• [EXERCISE PROMPT]: Once the line containing "海量精品 碧选商城拥有彩妆、护肤、服饰、配饰、美食、女性日化等海量自主品牌商品。 美丽分享" is reached, copy it and every line after it exactly, to the end of the material, without pictures.
┄┄┄┄┄┄┄┄┄┄
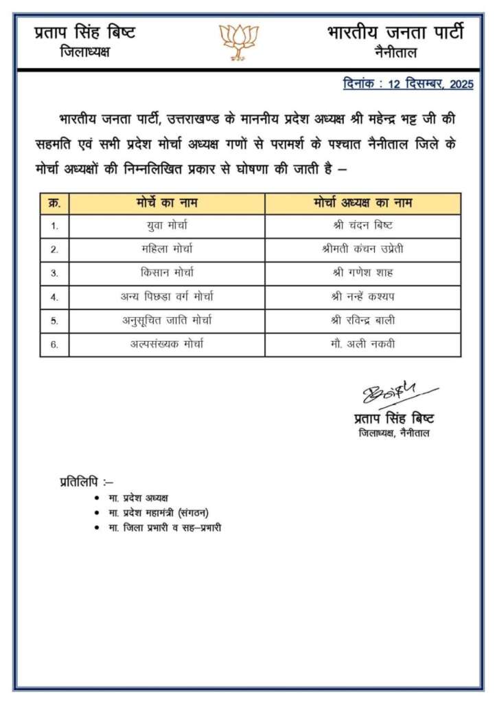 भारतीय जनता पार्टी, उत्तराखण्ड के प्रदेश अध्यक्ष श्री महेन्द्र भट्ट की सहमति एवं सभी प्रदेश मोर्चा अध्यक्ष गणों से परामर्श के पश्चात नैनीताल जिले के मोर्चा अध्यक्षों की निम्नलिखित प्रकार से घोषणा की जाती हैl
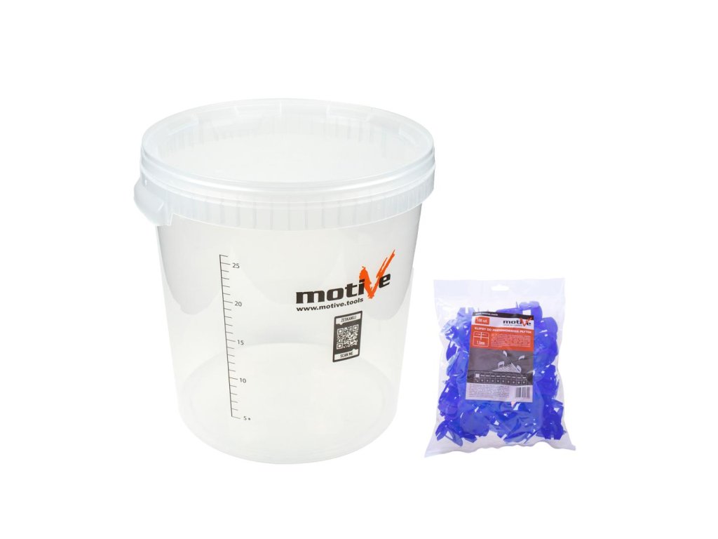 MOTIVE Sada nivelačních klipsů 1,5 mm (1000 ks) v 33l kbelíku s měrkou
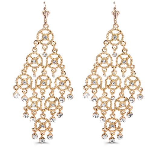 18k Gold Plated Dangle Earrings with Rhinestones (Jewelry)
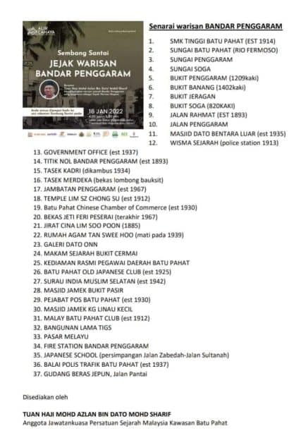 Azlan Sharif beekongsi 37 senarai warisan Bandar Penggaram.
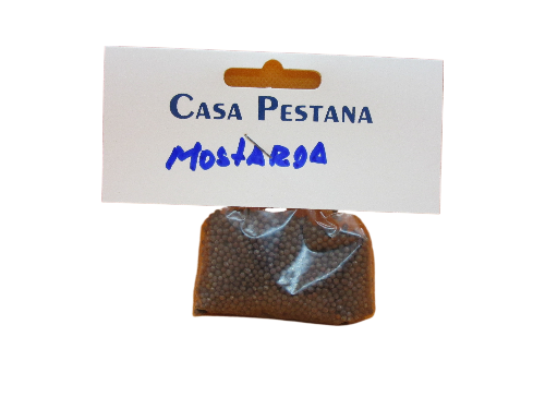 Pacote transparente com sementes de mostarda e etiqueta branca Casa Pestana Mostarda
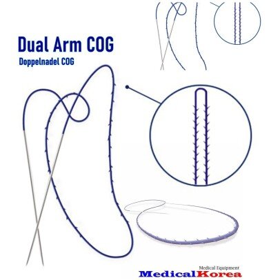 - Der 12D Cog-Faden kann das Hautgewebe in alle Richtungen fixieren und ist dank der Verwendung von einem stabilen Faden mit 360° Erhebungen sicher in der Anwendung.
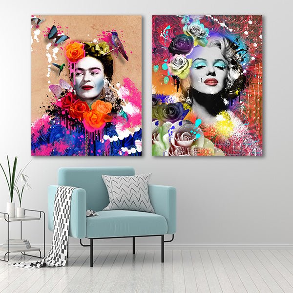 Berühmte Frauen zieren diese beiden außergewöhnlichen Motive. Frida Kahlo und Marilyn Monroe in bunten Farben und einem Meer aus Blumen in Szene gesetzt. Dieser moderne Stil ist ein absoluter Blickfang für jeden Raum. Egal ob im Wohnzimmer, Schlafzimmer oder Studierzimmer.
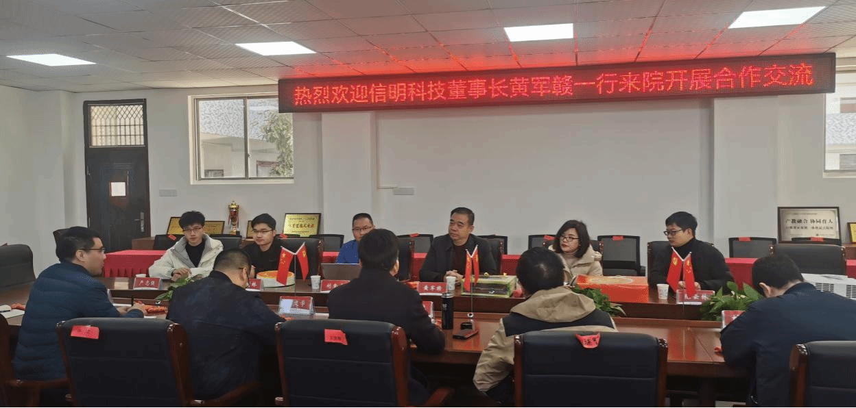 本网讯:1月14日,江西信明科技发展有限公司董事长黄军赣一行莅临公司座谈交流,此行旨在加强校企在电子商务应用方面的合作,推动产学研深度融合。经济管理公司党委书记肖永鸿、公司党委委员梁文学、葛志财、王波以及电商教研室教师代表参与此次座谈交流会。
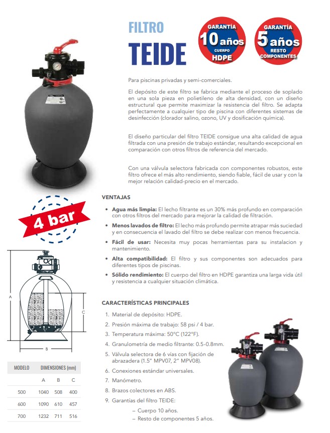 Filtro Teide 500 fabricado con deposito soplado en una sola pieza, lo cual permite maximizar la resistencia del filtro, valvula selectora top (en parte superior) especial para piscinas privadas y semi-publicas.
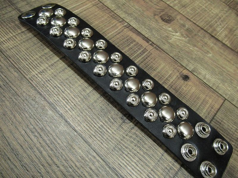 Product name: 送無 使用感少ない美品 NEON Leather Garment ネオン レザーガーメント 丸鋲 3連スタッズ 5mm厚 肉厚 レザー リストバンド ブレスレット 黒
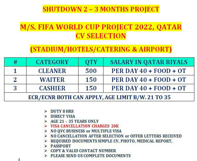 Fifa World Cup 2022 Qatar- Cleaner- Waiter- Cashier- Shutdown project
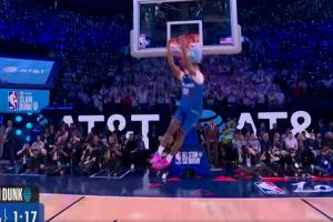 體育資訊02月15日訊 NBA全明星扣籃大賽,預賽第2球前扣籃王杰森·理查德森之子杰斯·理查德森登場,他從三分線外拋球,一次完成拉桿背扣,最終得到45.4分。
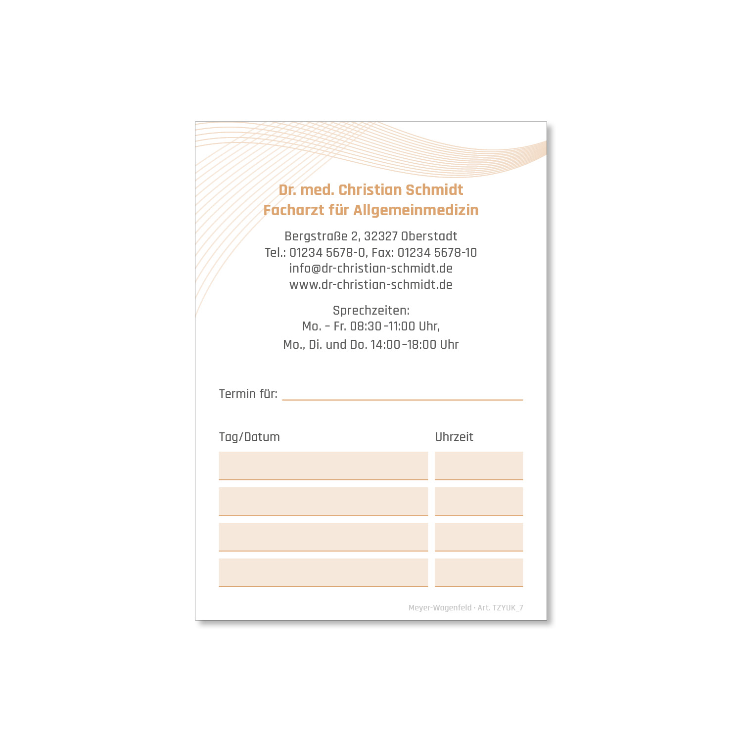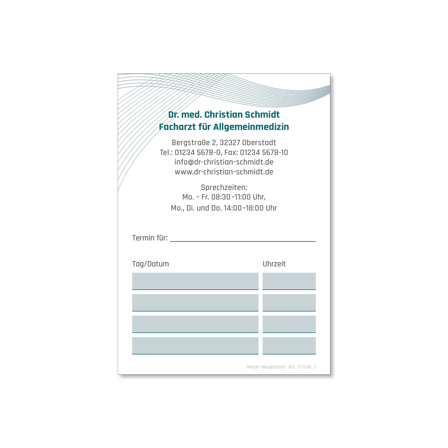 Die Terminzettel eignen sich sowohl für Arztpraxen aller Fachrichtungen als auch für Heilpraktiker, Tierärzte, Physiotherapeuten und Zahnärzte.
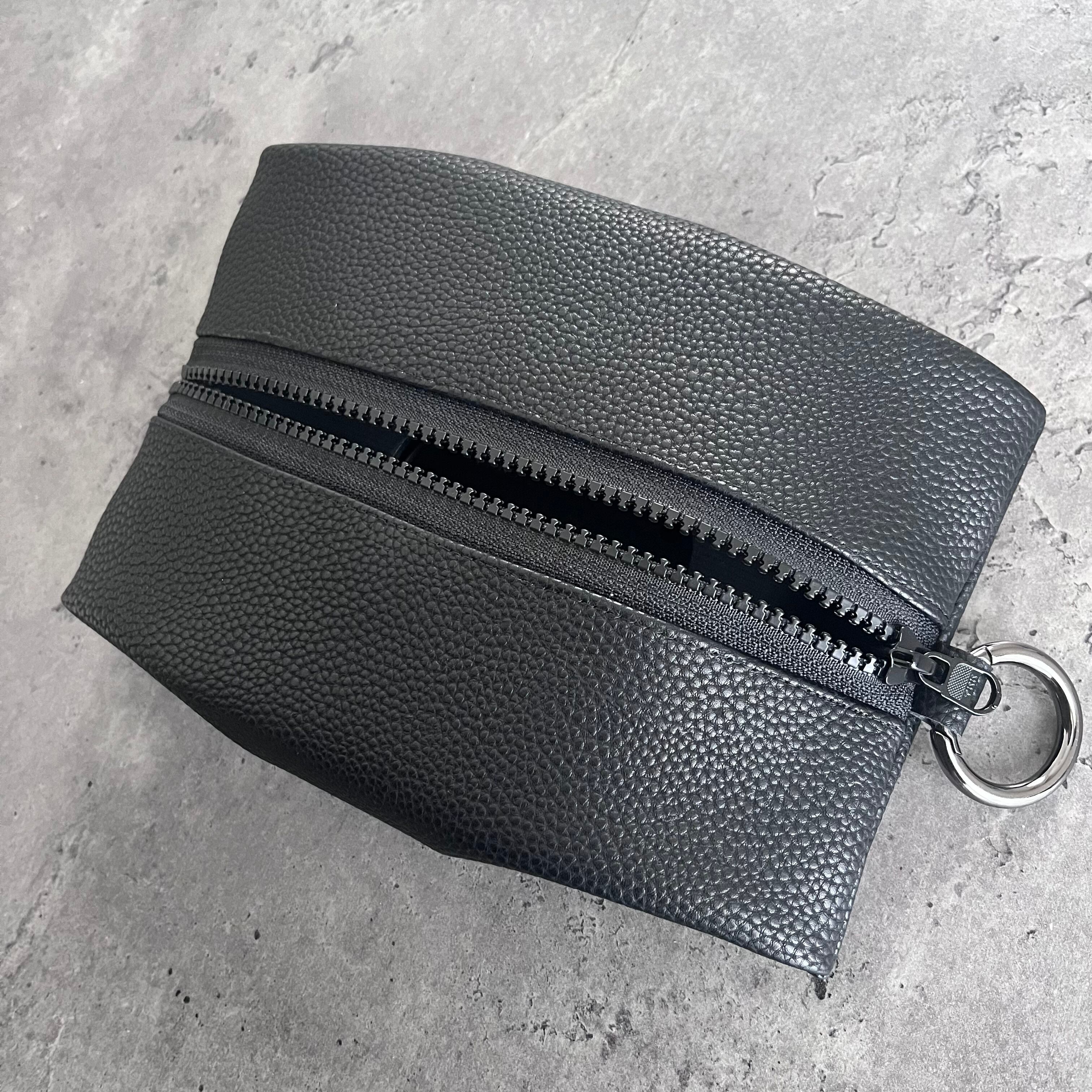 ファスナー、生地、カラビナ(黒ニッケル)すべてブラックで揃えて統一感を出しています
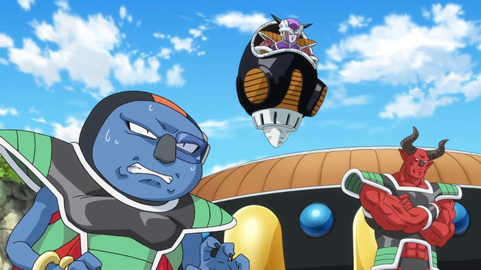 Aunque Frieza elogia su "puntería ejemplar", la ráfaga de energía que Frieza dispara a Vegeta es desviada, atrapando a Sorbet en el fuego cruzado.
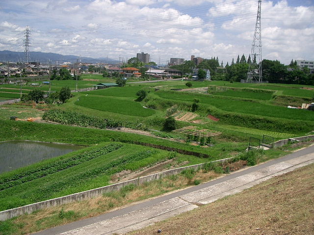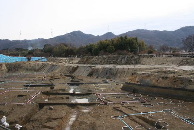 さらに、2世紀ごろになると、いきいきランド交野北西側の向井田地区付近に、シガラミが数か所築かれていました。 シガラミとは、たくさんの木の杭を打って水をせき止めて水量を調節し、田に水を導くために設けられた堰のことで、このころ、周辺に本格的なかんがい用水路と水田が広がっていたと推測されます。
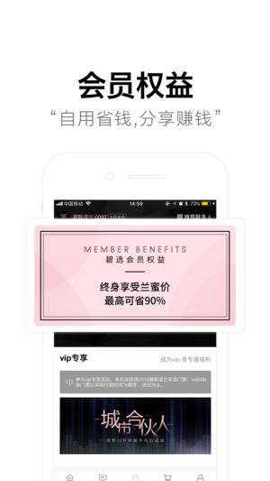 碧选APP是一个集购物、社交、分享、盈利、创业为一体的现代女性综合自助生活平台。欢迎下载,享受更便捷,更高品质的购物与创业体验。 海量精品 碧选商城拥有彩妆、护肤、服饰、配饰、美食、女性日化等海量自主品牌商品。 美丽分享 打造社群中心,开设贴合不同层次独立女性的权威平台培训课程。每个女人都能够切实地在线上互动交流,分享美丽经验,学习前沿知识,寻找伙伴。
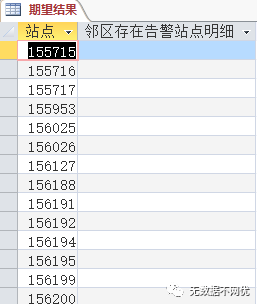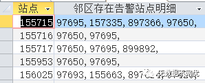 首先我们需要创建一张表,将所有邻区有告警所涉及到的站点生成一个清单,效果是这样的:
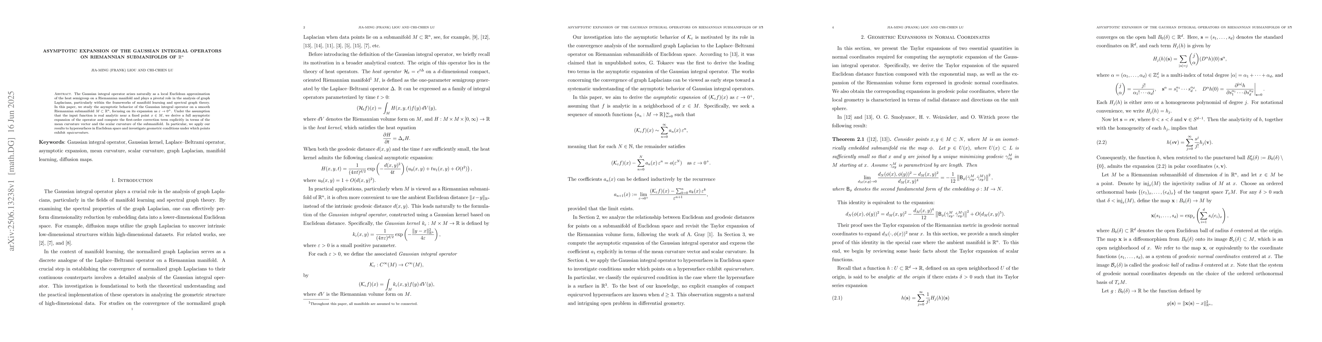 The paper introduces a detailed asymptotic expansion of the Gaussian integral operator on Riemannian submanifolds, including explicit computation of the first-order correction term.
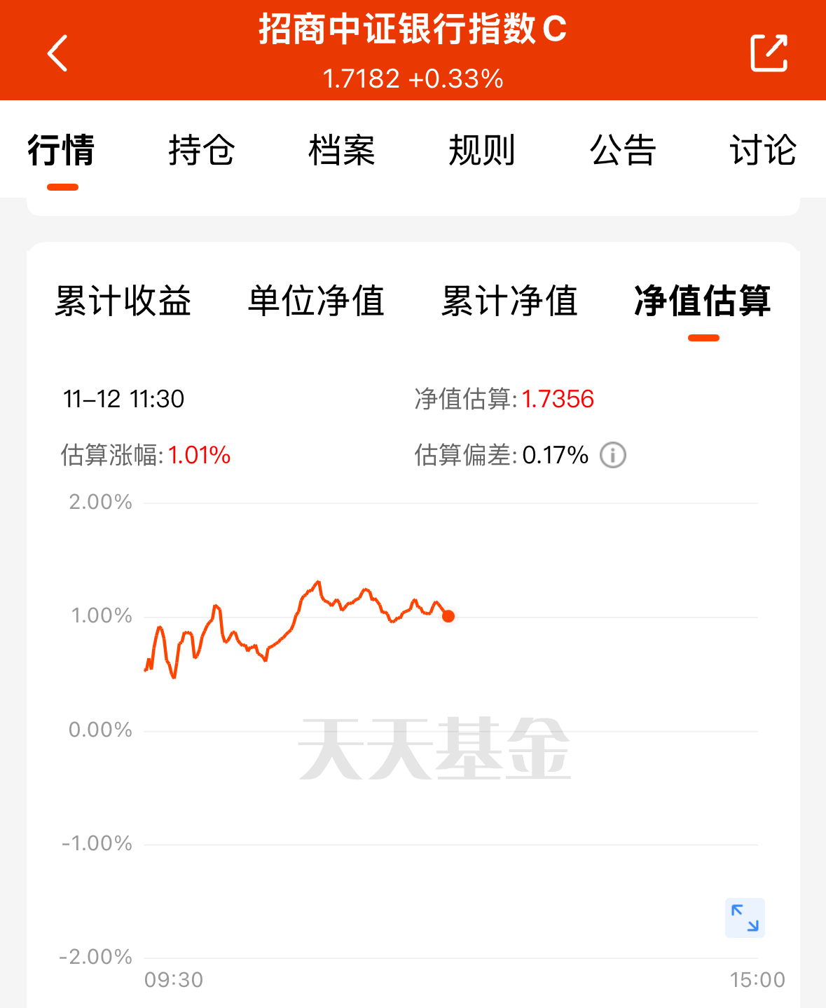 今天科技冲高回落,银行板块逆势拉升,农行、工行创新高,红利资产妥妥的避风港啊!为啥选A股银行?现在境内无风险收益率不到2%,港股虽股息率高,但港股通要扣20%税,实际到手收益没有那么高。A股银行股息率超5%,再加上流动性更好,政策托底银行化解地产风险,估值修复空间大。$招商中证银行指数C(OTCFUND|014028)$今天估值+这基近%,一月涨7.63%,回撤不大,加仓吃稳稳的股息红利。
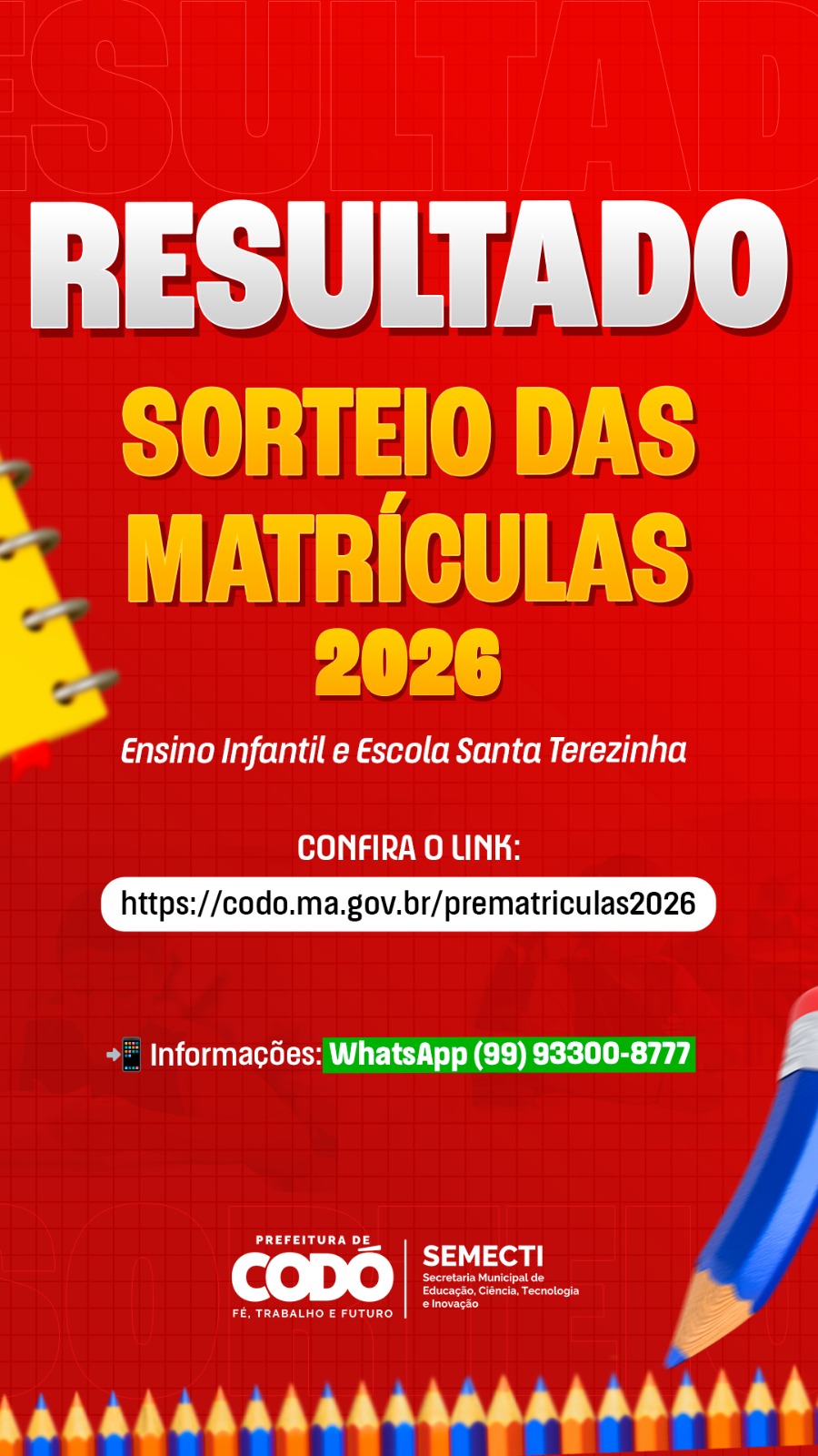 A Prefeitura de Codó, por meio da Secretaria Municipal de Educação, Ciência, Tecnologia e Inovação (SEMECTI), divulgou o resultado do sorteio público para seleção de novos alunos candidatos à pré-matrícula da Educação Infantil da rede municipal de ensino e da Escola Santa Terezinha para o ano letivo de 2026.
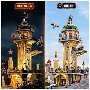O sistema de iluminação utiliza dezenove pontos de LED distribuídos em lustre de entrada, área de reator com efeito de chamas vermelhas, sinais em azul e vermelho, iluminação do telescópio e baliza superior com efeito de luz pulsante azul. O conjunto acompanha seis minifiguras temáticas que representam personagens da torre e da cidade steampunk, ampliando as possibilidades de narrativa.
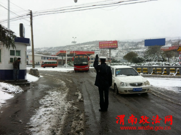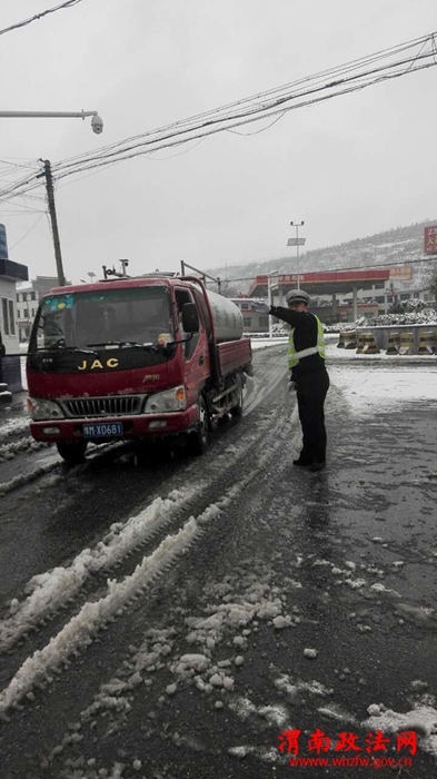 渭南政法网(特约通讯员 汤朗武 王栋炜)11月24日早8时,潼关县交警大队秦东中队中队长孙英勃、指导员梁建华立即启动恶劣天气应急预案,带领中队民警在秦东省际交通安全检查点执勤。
┄┄┄┄┄┄┄┄┄┄
• [SOLUTION BELOW]:
 碧选APP是一个集购物、社交、分享、盈利、创业为一体的现代女性综合自助生活平台。欢迎下载,享受更便捷,更高品质的购物与创业体验。 海量精品 碧选商城拥有彩妆、护肤、服饰、配饰、美食、女性日化等海量自主品牌商品。 美丽分享 打造社群中心,开设贴合不同层次独立女性的权威平台培训课程。每个女人都能够切实地在线上互动交流,分享美丽经验,学习前沿知识,寻找伙伴。
 首先我们需要创建一张表,将所有邻区有告警所涉及到的站点生成一个清单,效果是这样的:
 The paper introduces a detailed asymptotic expansion of the Gaussian integral operator on Riemannian submanifolds, including explicit computation of the first-order correction term.
 今天科技冲高回落,银行板块逆势拉升,农行、工行创新高,红利资产妥妥的避风港啊!为啥选A股银行?现在境内无风险收益率不到2%,港股虽股息率高,但港股通要扣20%税,实际到手收益没有那么高。A股银行股息率超5%,再加上流动性更好,政策托底银行化解地产风险,估值修复空间大。$招商中证银行指数C(OTCFUND|014028)$今天估值+这基近%,一月涨7.63%,回撤不大,加仓吃稳稳的股息红利。
 A Prefeitura de Codó, por meio da Secretaria Municipal de Educação, Ciência, Tecnologia e Inovação (SEMECTI), divulgou o resultado do sorteio público para seleção de novos alunos candidatos à pré-matrícula da Educação Infantil da rede municipal de ensino e da Escola Santa Terezinha para o ano letivo de 2026.
O sistema de iluminação utiliza dezenove pontos de LED distribuídos em lustre de entrada, área de reator com efeito de chamas vermelhas, sinais em azul e vermelho, iluminação do telescópio e baliza superior com efeito de luz pulsante azul. O conjunto acompanha seis minifiguras temáticas que representam personagens da torre e da cidade steampunk, ampliando as possibilidades de narrativa.
 渭南政法网(特约通讯员 汤朗武 王栋炜)11月24日早8时,潼关县交警大队秦东中队中队长孙英勃、指导员梁建华立即启动恶劣天气应急预案,带领中队民警在秦东省际交通安全检查点执勤。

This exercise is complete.